Exercise:
Write the following entries out again exactly, skipping each image.

Given records:
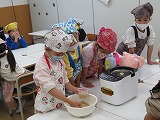 午後、おやつのおにぎり作りをしました。
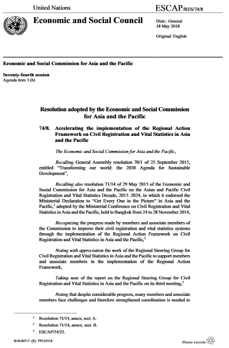 ESCAP Resolution 74/8 - Accelerating the implementation of the Regional Action Framework on Civil Registration and Vital Statistics in Asia and the Pacific
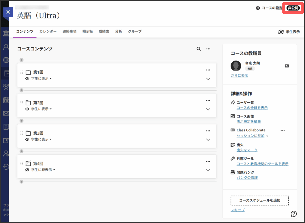 - コースは科目(授業)のための専用エリアです.教務システムと連携して自動で作成されます.
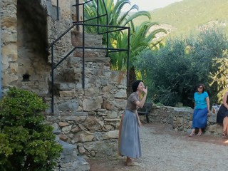 La cerimonia è stata preceduta dallo spettacolo teatrale itinerante “Il Mondo di Irene Brin” del Teatro dei Dieci per la regia di Fulvia Roggero e di Silvia Villa con gli attori Antonella Lercari, Matteo Cassini e le stesse registe. Lo spettacolo ha contribuito a scoprire i personaggi di Vincent Torre e dell’illustre zia e ha incluso, pure, un breve percorso che è partito da piazza Caprera, nell’antico borgo di Sasso, per approdare nello splendido Giardino di Irene.
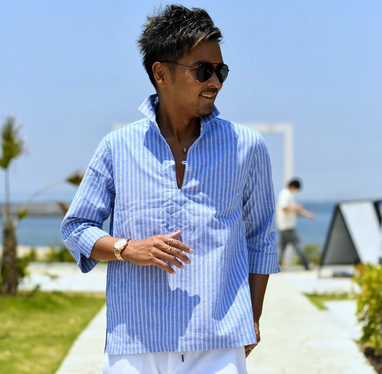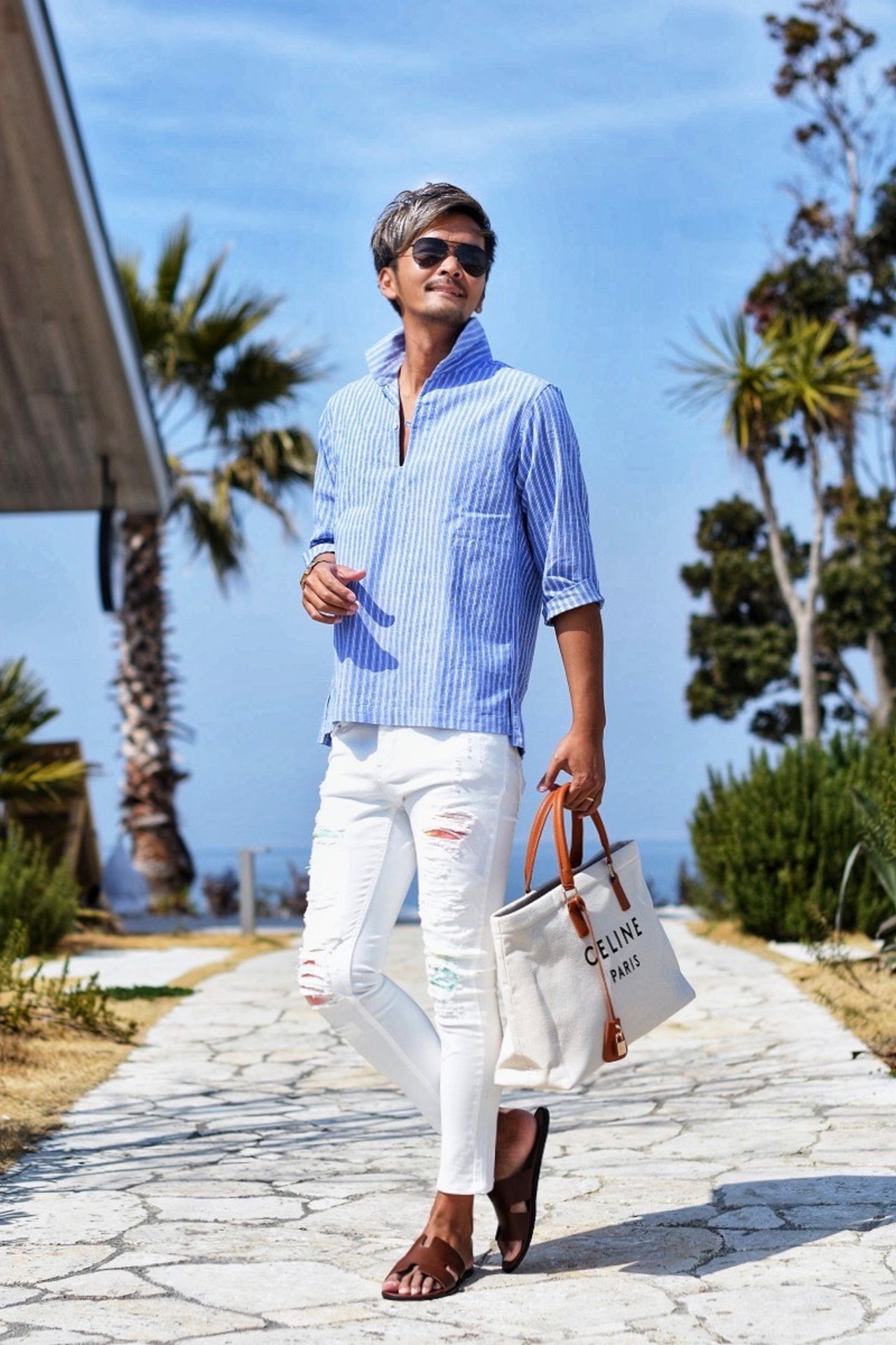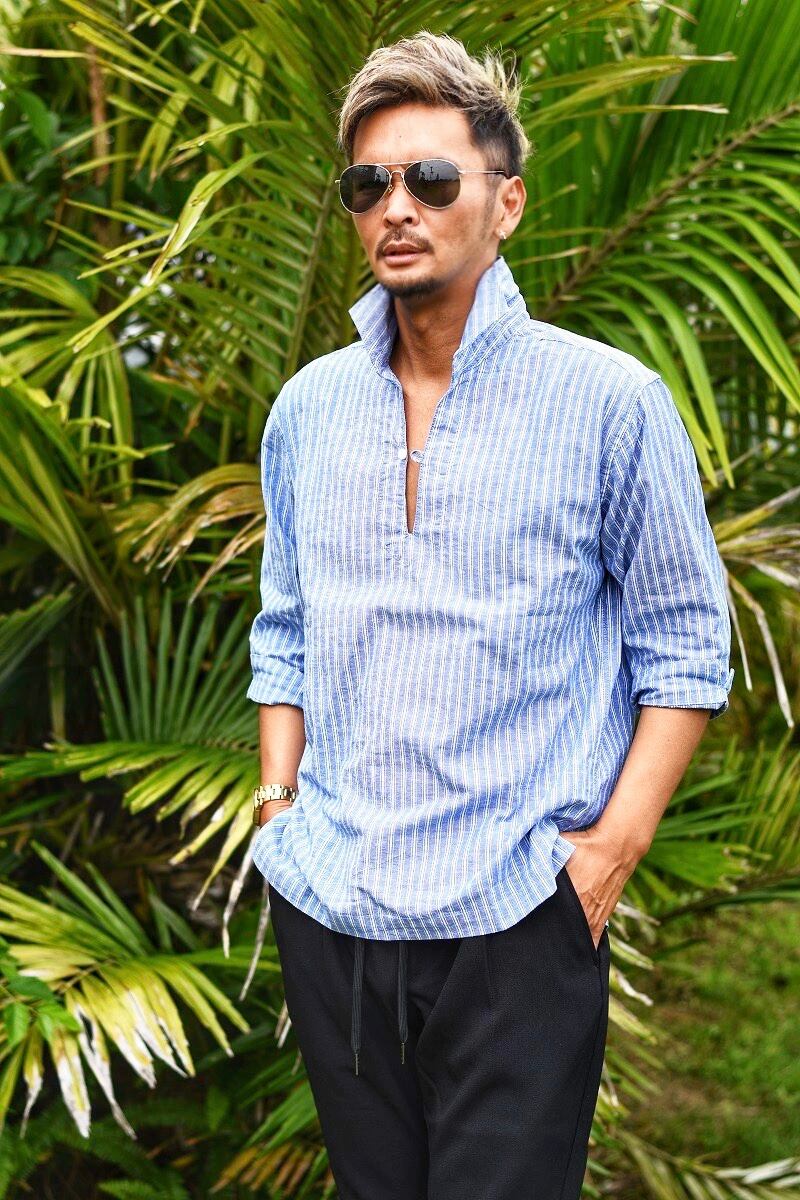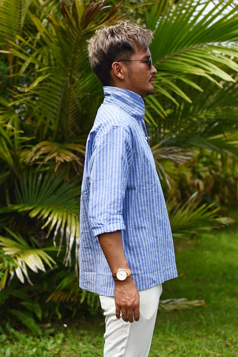 夏 ☆ 綿 麻 ストライプ カプリ シャツ 7分袖 メンズ リネン 清涼感 リゾート サーフ SURF 海 ビーチ コーデ 海外 ファッション

Task answer:
 午後、おやつのおにぎり作りをしました。
 ESCAP Resolution 74/8 - Accelerating the implementation of the Regional Action Framework on Civil Registration and Vital Statistics in Asia and the Pacific
 - コースは科目(授業)のための専用エリアです.教務システムと連携して自動で作成されます.
 La cerimonia è stata preceduta dallo spettacolo teatrale itinerante “Il Mondo di Irene Brin” del Teatro dei Dieci per la regia di Fulvia Roggero e di Silvia Villa con gli attori Antonella Lercari, Matteo Cassini e le stesse registe. Lo spettacolo ha contribuito a scoprire i personaggi di Vincent Torre e dell’illustre zia e ha incluso, pure, un breve percorso che è partito da piazza Caprera, nell’antico borgo di Sasso, per approdare nello splendido Giardino di Irene.
 夏 ☆ 綿 麻 ストライプ カプリ シャツ 7分袖 メンズ リネン 清涼感 リゾート サーフ SURF 海 ビーチ コーデ 海外 ファッション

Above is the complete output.